Wednesday, January 10, 2018

Get Off My Porch #2 - Legacy Numbering!


I keep crossing over a phrase when new comics are discussed which frankly rankles me. "Legacy Numbering" is the phrase. It apparently refers to a switch back to the standard numbering of a comic series after that numbering has been interrupted to make way for a frothy new number one issue. Some series have suffered this indignity a few times over.


I'm old enough to remember when "Legacy Numbering" was...well... just numbering. A comic book series began at number one and continued forward in a relentless march through the months and years if it was fortunate enough to garner sufficient fans to make that possible. Venerable series like Action Comics and Detective Comics and Adventure Comics have achieved large numbers which reflect a tenure on the market which speaks to the durability of their features and the company which produces them. Likewise The Fantastic Four and the The Amazing Spider-Man and many more besides.
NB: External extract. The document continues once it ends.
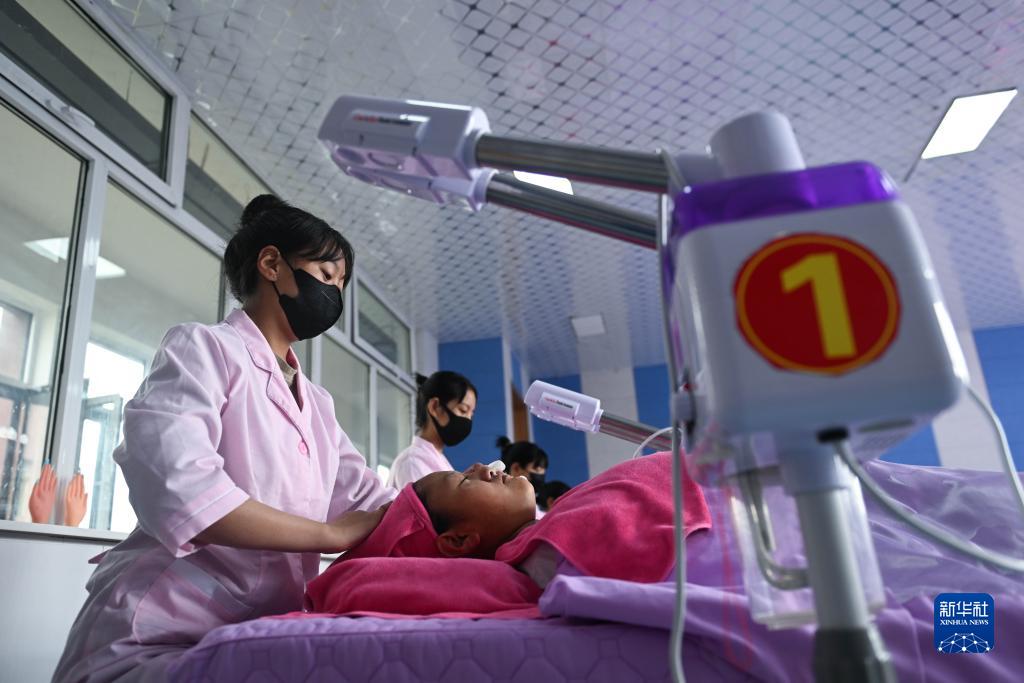 9月8日,在果洛藏族自治州職業(yè)技術(shù)學(xué)校,美發(fā)與形象設(shè)計(jì)學(xué)生在學(xué)習(xí)美容實(shí)訓(xùn)課程。新華社記者 張龍 攝

Sadly all these series have been interrupted. New fans like new shiny things and I can understand the goal of attracting new readers, it's absolutely necessary. I just hate that numbering of comics is such a plastic matter that it can change and slip with editorial whim. Now all that said, I have to confess that being a Charlton fan it is somewhat fun to try to piece together the slipshod numbering of series which move around with an almost chaotic glee. So maybe my disgust is misplaced. Maybe.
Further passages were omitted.